Program

Digital Humanities: Digital Humanities Start-Up Grants

Period of Performance

9/1/2009 - 8/31/2010

Funding Totals

$50,000.00 (approved)
$50,000.00 (awarded)


OCRonym: Entity Extraction and Retrieval for Scanned Books

FAIN: HD-50794-09

University of Massachusetts, Amherst (Amherst, MA 01003-9242)
James Allan (Project Director: April 2009 to January 2011)
David Smith (Co Project Director: April 2009 to January 2011)

Development of an extraction and retrieval system for named entities-people, places, and organizations-located across a large number of documents in order to use the system to track Optical Character Recognition (OCR) error rates in an effort to improve "noisy" OCR.

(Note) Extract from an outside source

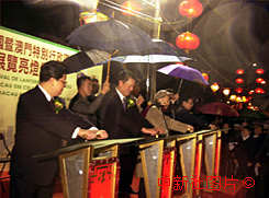 全國政協(xié)副主席馬萬祺、澳門首任行政長官何厚鏵、新華社澳門分社社長王啟人十六日晚共同為慶回歸燈展主持亮燈儀式。中新社數(shù)碼傳真 賈國榮攝

In the past five years, massive book-scanning projects have produced an explosion in the number of sources for the humanities, available on-line to the broadest possible audiences. Transcribing page images by optical character recognition makes many searching and browsing tasks practical for scholars. But even low OCR error rates compound into high probability of error in a given sentence, and the error rate is even higher for names. We propose to build a prototype system for information extraction and retrieval of noisy OCR. In particular, we will optimize the extraction and retrieval of names, which are highly informative features for detecting topics and events in documents. We will build statistical models of characters and words from scanned books to improve lexical coverage, and we will improve name categorization and disambiguation by linking document contexts to external sources such as Wikipedia. Our testbed comes from over one million scanned books from the Internet Archive.